Brown eyes tinged with regret. Was it possible she really did see?
“I’m sorry.” she said. “I’m afraid you will have to take your detention as given.” Her
warm eyes said what her voice could not. My eleven year old heart bore witness and felt solved
as our most senior mistress acknowledged an injustice done, wordlessly taking my part even as
she was obliged to support her teacher. The sting went out of the punishment; Mrs Cecil did
not hold the moral high ground and we both knew it. In that instant, her power over me waned.
It was by no means my last infraction or my last detention. In fact it was the first of
many.
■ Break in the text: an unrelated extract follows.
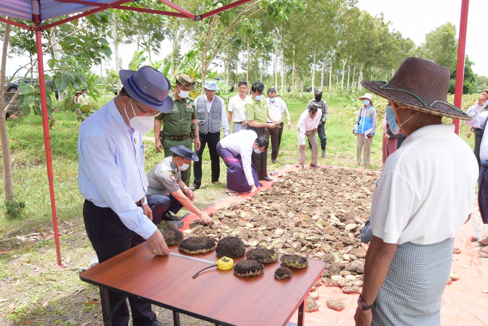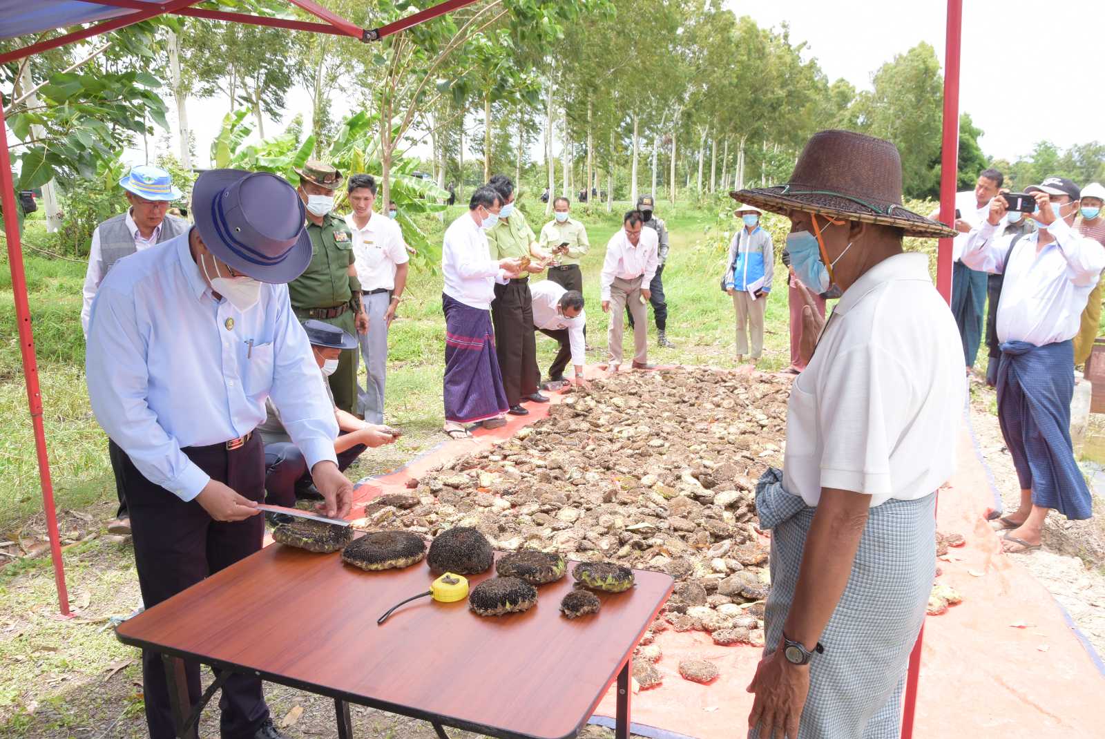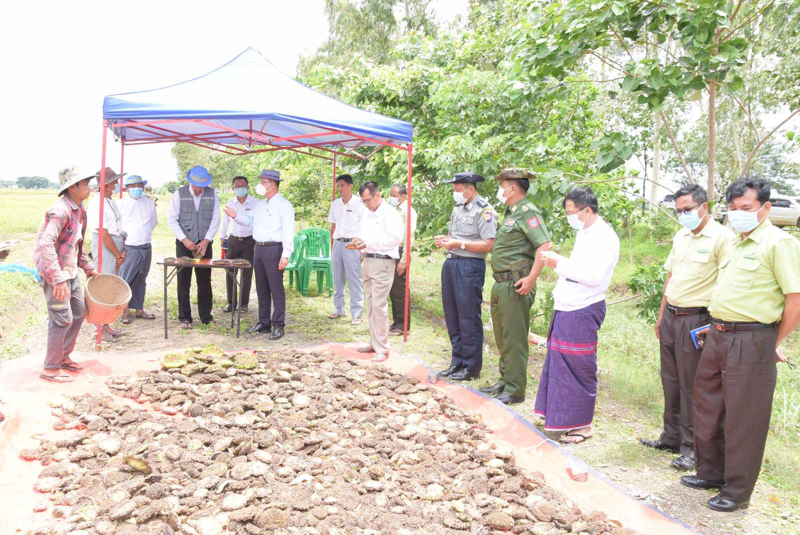 ဆက်လက်၍ ခရိုင်စိုက်ပျိုးရေးဦးစီးဌာနမှူးမှ မိုးရာသီနေကြာ မျိုးစေ့ထုတ်စိုက်ပျိုးဆောက်ရွက်နေမှုများအားရှင်းလင်းတင်ပြခဲ့ပြီးနောက် တိုင်းဒေသကြီးဝန်ကြီးချုပ်မှ မြန်အောင်မြို့နယ်ရှိ မိုးရာသီနေကြာ မျိုးစေ့ထုတ်စိုက်ပျိုးသည့်တောင်သူများအတွက် ဓာတ်မြေသြဇာ အိတ် ၁၃၀၀ ကို ထောက်ပံ့ပေးအပ်ခဲ့ပြီး ဒေသခံတောင်သူတစ်ဦးမှ ကျေးဇူးတင်စကားပြန်လည်ပြောကြားခဲ့သည်။ ထို့နောက် မြန်အောင်မြို့နယ်၊ ကဇွန်းခုံကျေးရွာ၊ မိုးရာသီနေကြာ မျိုးစေ့ထုတ်စံပြ(၅)ဧက စိုက်ခင်းရှိ တောင်သူဦးစိန်ကြည်ပါ (၂)ဦး၏ မိုးရာသီနေကြာ မျိုးစေ့ထုတ်စိုက်ခင်းနှင့် ဘုရားငုတ္တိုကျေးရွာ၊ တောင်သူဦးအောင်မြင့်စိန်၏ မိုးရာသီနေကြာ မျိုးစေ့ထုတ်စိုက်ခင်းများ ဖြစ်ထွန်းအောင်မြင်မှုများကို ကြည့်ရှုအားပေးခဲ့သည်။

There was something about being an example of national excellence, a Queen’s College
Girl, that impelled me to unconscious rebellion, from First Form to Sixth, and I was one of the
only girls in the Sixth Form who would not be automatically awarded the office of Prefect.
There were so many rules, arcane and traditional, and so very many ways in which to break
them. But I would always remember the Headmistress who let me know that being in trouble
for breaking a rule, even if I had to accept a consequence, didn’t have to mean that I was wrong
or bad. And it left me with a lasting empathy with the troublemakers, even when the time
would come that I had to impose institutional rules of my own.